Re: uptime / downtime pct over 30 days

tmarlette · ‎12-28-2021

I'm trying to figure out how to show uptime percent of a device in percentage over 30 days that is agnostic to both linux and windows data.

I am currently using

index=os sourcetype=Unix:Uptime

as my data set, and it's a default data set that ships with the Linux TA.

for windows I am using this search:

index=wineventlog LogName=System EventCode=6013 
|rex field=Message "uptime is (?<uptime>\d+) seconds" 
| eval Uptime_Minutes=uptime/60 
| eval LastBoot=_time-uptime 
| convert  ctime(LastBoot) 
| eval uptime=tostring(uptime, "duration")
| stats latest(_time) as time by host, Message, uptime, LastBoot

Currently, I can't figure out how to account for a reboot that occurs during the month.
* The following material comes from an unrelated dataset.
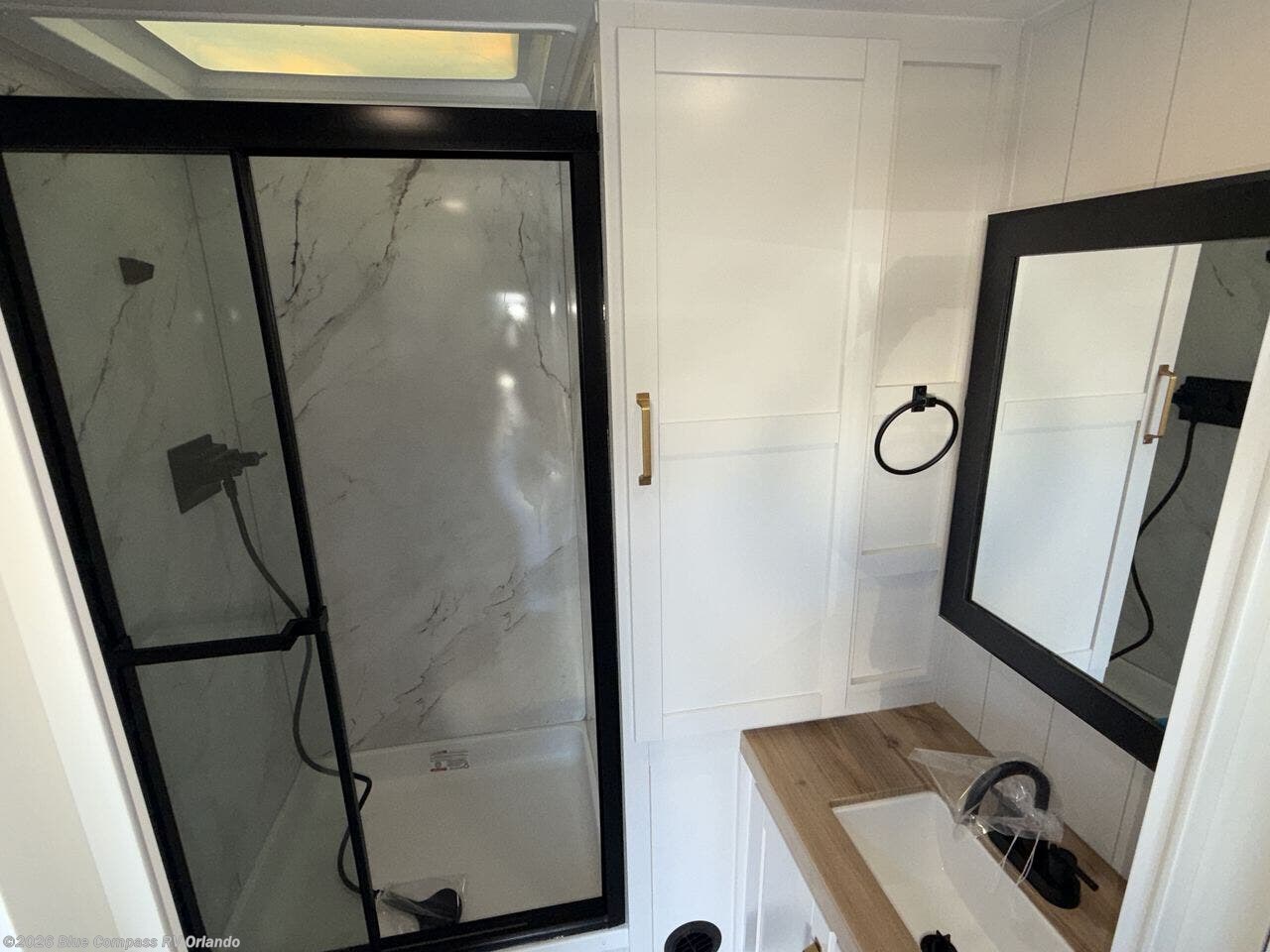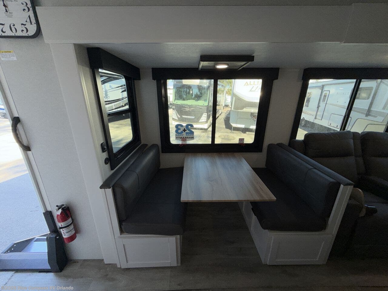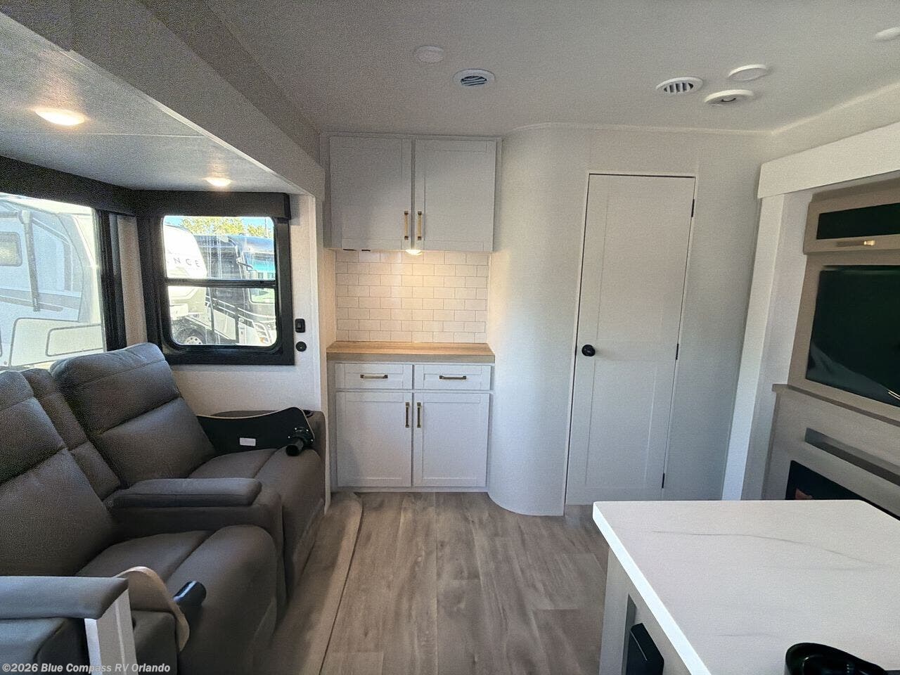 This travel trailer is perfect for your larger group or family! There is a rear private bunkhouse with two bunks, a tri-fold sofa, plus a slide out for more space. You will have the front private bedroom all to yourselves with a queen bed, and any other guests can sleep on the tri-fold sofa and booth dinette! There is also a wardrobe/linen closet with washer and dryer prep if you plan to add a washer and dyer for convenience. The chef can prepare their best meals with the kitchen island and will enjoy having two hutches to store the essentials. They could even cook at the outside kitchen to breathe in some fresh air and enjoy the beautiful scenery!

The linux data doesn't have a 'LastBoot' field like the windows data, and I'm not sure how to create one.

This is the closest that I've gotten is to use something like this for either linux or windows, and simply rename / create the 'uptime' field in seconds.

index=nix sourcetype=Unix:Uptime 
| rename SystemUpTime as uptime
| streamstats sum(uptime) as total by host
| eval tot_up=(total/157697280)*100
| eval host_uptime=floor(tot_up)
| stats max(host_uptime) as pctUp by host

This is obviously crude, and I'm trying to refine it though i'm looking for any help. I'm obviously missing something, and i'm sure i'm not the first person to ask a question like this though I couldn't find anything specific to this on answers.

I have a search that shows me total uptime in duration for either windows or linux, and that's great! I'm just looking for the total uptime in percent over a 30 days span that accounts for reboots, or legitimate system hard down incidents.

tscroggins · ‎01-02-2022

@tmarlette

If you're using Splunk Add-on for Unix and Linux and Splunk Add-on for Windows, you can use the uptime tag:

tag=uptime

Both add-ons have uptime inputs with default intervals of 84600 seconds. Both source types have a field named uptime with a value in seconds.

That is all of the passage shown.